On Tuesday, she urged the Legislature to pass laws allowing clerks to at least pre-process ballots before the opening of polls. The allowance will be especially important in November, when absentee numbers could increase to 3 million, Benson said.
"None of us want to be the last state in November to report our results," Benson said. "What we’ve seen today is a system that’s essentially met its limits.”
The cities with the largest absentee hauls as of Monday include Detroit, where 104,322 absentee ballots were issued and 64,400 were received; Grand Rapids, where 35,734 absentee ballots were issued and 22,159 received; and Ann Arbor, where 35,101 ballots were issued and 22,178 were received.
Clinton and Canton townships and the cities of Livonia, Sterling Heights, Warren, Farmington Hills and Lansing also ranked among the top 10 for absentee ballot requests and returns as of Monday night.

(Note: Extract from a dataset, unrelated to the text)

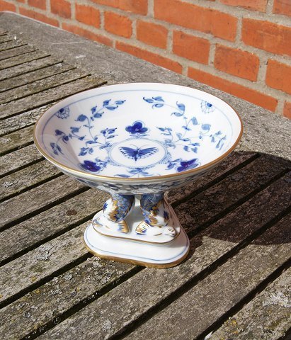 Sommerfugl med guldkant eller Kipling Bing & Grøndahl B&G porcelæn kaffestel.Elegant opsats til konfekt eller småkager nr. 451 i 2. sort. Skålen er båret af 3 delfiner, og den er i pæn, brugt stand.
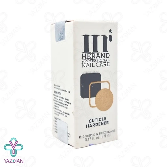 زیبایی ناخن ها تاثیر مستقیمی بر زیبایی دستان شما دارد و جهت استحکام ناخن ها باید تغذیه مناسب داشت ومراقبت اصولی از ناخن ها داشته باشیم اما تغذیه مناسب به تنهایی پاسخ گو نمی باشد و باید از محصولات بهداشتی مراقبتی جهت استحکام و تقویت ناخن ها استفاده کرد محلول استحکام بخش کوتیکول ناخن هراند (Herand Cuticle Hardener Nail Care – 5 ml) یک محصول مناسب جهت تقویت و ترمیم ناخن های شکننده، ضعیف و نرم می باشد و با دارا بودن ترکیبات مغذی و استحکام بخش موجب بازسازی و تقویت ساختار ناخن ها می شود و از شکنندگی و آسیب دیدگی آن ها جلوگیری می کند با استفاده از این محصول ناخن های شما به راحتی شکسته و پوسته پوسته نمی شود کلسیم و کراتین هیدرولیز شده موجود در این محصول ناخن ها را تغذیه کرده و مقاومت و استحکام آن ها را افزایش داده و هم چنین موجب افزایش انعطاف پذیری آن ها می شود این محصول با دارا بودن کلسیم موجب استحکام ناخن ها شده و کراتین هیدرولیز شده موجب بازسازی و ترمیم عمقی ناخن ها می شود، در صورتی که به صورت منظم از این محصول استفاده کنید ناخن های قوی، سالم و زیبایی خواهید داشت.

Clerks throughout the state were reporting relatively smooth operations Tuesday morning, with fewer people at the polls and more voting by absentee, Rollow said. In fact, Rollow said, some of the only lines were at dropboxes as voters line up to drop off their absentee ballots.
Benson spoke to Detroit voters late Tuesday morning about the COVID precautions with voting.
“When they show up, you see not a lot of crowds, not a lot of lines and a lot of protocol in place,” Benson said, standing outside her local polling station, Louis Pasteur Elementary School on the city’s southeast side. “People are wearing masks, gloves and (using) hand sanitizer to make sure that everything's going smoothly and no one has to risk their health in order to vote.”